Overview of GDC Harmonization Workflows

Description

Here are the overview of major GDC harmonization workflows.
The GDC workflow repositories has been tested on GDC data and in the particular environment GDC is running in.
Current GDC production workflows are running in the GDC Pipeline Automation System (GPAS).
Most GDC workflows are developed using Common Workflow Language (CWL) with Dockerized tools.
Please check GDC Documentation for more details.

For external users

The GDC workflow repositories has been tested on GDC data and in the particular environment GDC is running in.

We have created external CWL entrypoint in some workflows. For the others, you are expecting to modify the workflow to be used in your system.
Some of the reference data required for the workflow production are hosted in GDC reference files. We can not share some other reference files due to licensing issues.
- In particular, we can not share target or bait bed files or interval list of any specific Target Capture Kits.
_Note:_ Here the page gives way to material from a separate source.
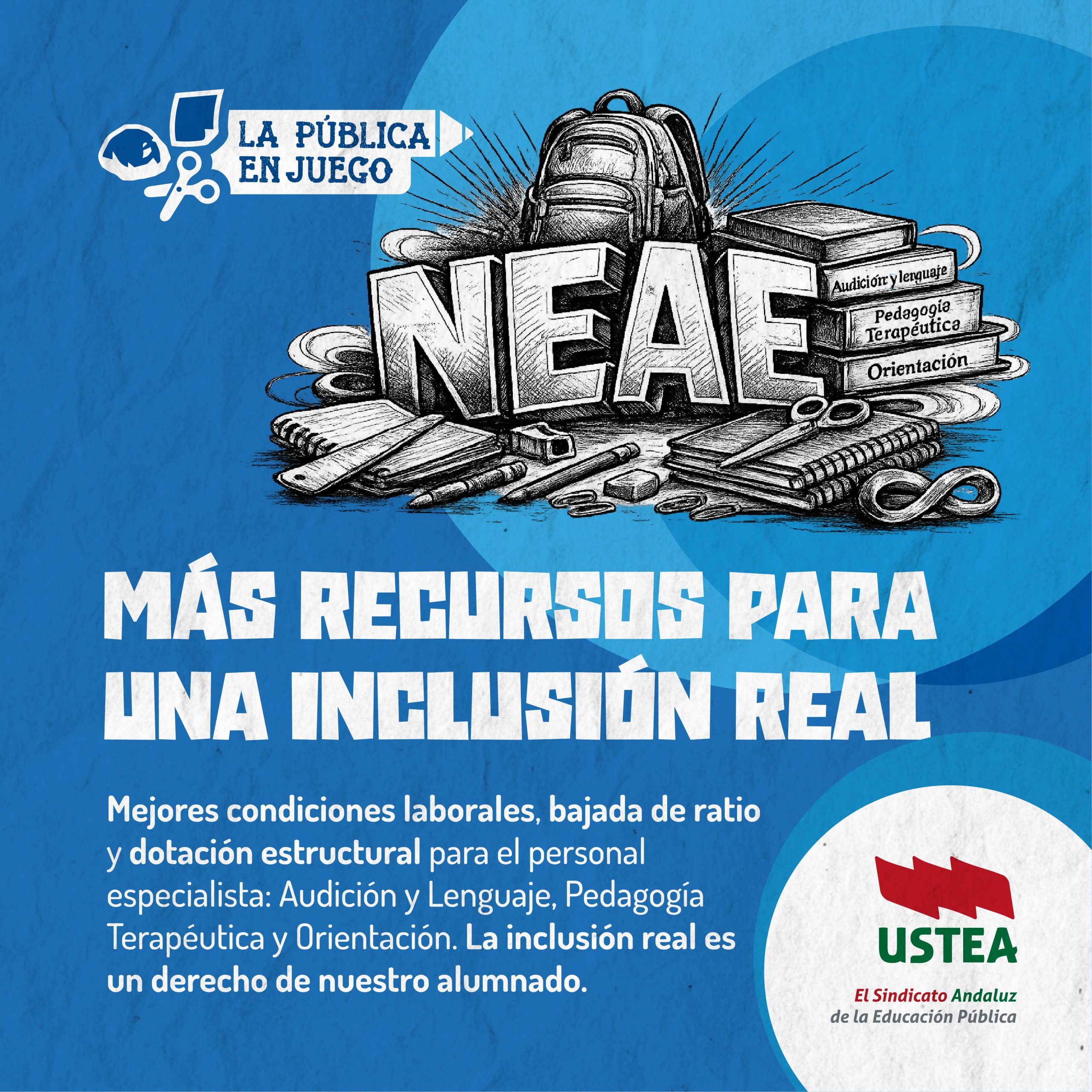 Desde USTEA volvemos a alzar la voz en defensa de una educación pública verdaderamente inclusiva, que garantice el derecho del alumnado con necesidades específicas de apoyo educativo (NEAE) a una atención adecuada, digna y de calidad.

You are encouraged to contact the vendors or project owners to get these files.
We are not able to share dockers to external users due to licensing issues. You are welcomed to build your own dockers using the docker files provided.
For any questions related to GDC data, please contact the GDC Help Desk at support@nci-gdc.datacommons.io.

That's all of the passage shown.